At the genomic scale, Hu et al. studied competitive endogenous RNA (ceRNA) networks involving lncRNA and identified 144 core genes as potential drug targets for CRC treatment. Meanwhile, the molecular complex detection (MCODE) algorithm was used to extract gene expression profiles from databases, identifying 8,931 differentially expressed genes (DEGs) in CRC patients and discovering therapy targets. A computer-aided drug (CAD) design approach scanning 1,443 approved drugs targeted p53 for treatment, and a machine learning phenomics (MLP) model studying CRC cell gene expression showed a mean accuracy improvement of 9.48% over single-track approaches.
Abnormal gene and chromosome mutations can cause drug resistance, creating major obstacles to CRC treatment. AI-driven drug delivery platforms and precision targeting of resistance mechanisms offer promising solutions. A cascaded atrous convolution with spatial pyramid pooling (CAC-SPP) model evaluated tumor target segmentation with DSC values of 0.78 and 0.85, supporting precision radiotherapy planning. Together, these approaches demonstrate that AI at the genetic scale provides both theoretical support and practical tools for precision medicine in CRC.
Data challenges: The development of AI requires three critical elements: big data, computing power, and algorithm models. In many countries, medical big data infrastructure is still in its early stages. More high-quality data is needed, and stronger interaction between data centers is essential. Without large volumes of high-quality data, even the most advanced algorithms will fall short. The authors emphasize the urgent need to standardize medical big data and increase interoperability among multiple centers.
Reproducibility concerns: Most AI models in CRC are based on retrospective data with strict admission and exclusion criteria. Imaging standards differ across centers, raising questions about model reproducibility and real-world effectiveness. The results obtained through deep learning still lack interpretability, creating the well-known "black box" problem. The algorithm cannot clearly explain its reasoning process or the internal information driving its decisions, which poses fundamental challenges for clinical trust and regulatory approval.
Interpretability efforts: Researchers have begun studying how DL models make decisions based on images and additional information, analyzing causal relationships within the black box. Shao et al. used a DNN model to predict one-year survival rates for over 20,000 patients after major cardiovascular surgery, defining an innovative "impact score" to explain model predictions. Although the field of interpretable deep learning is growing, transparency and interpretability of algorithms must remain core principles to ensure that medical staff, patients, and other stakeholders can fully understand clinical decisions.
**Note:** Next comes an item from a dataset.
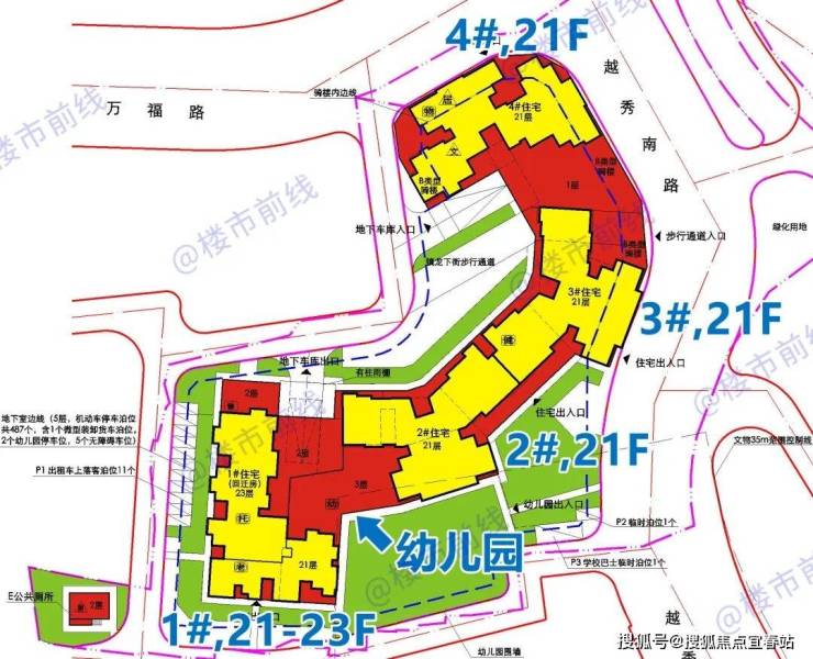 至于项目自身规划方面,占地仅8470㎡,规划4栋21-23层建筑(3栋商品房+1栋回迁房),配建1所幼儿园+约3000㎡底商以及老年服务站等设施。

The authors conclude that AI has provided broad prospects for CRC diagnosis and treatment in the era of precision medicine. However, AI is not meant to replace clinicians. Instead, stronger cooperation between clinicians and computer experts is needed to overcome transformation barriers. Continuous optimization of AI systems, combined with multiple medical imaging and molecular data, will improve early CRC detection rates, enable systematic patient evaluation, enhance adjuvant therapy effects, and strengthen prognosis monitoring. Evaluating clinicians' acceptance of different AI systems and minimizing interference in clinical workflows remain important considerations for successful adoption.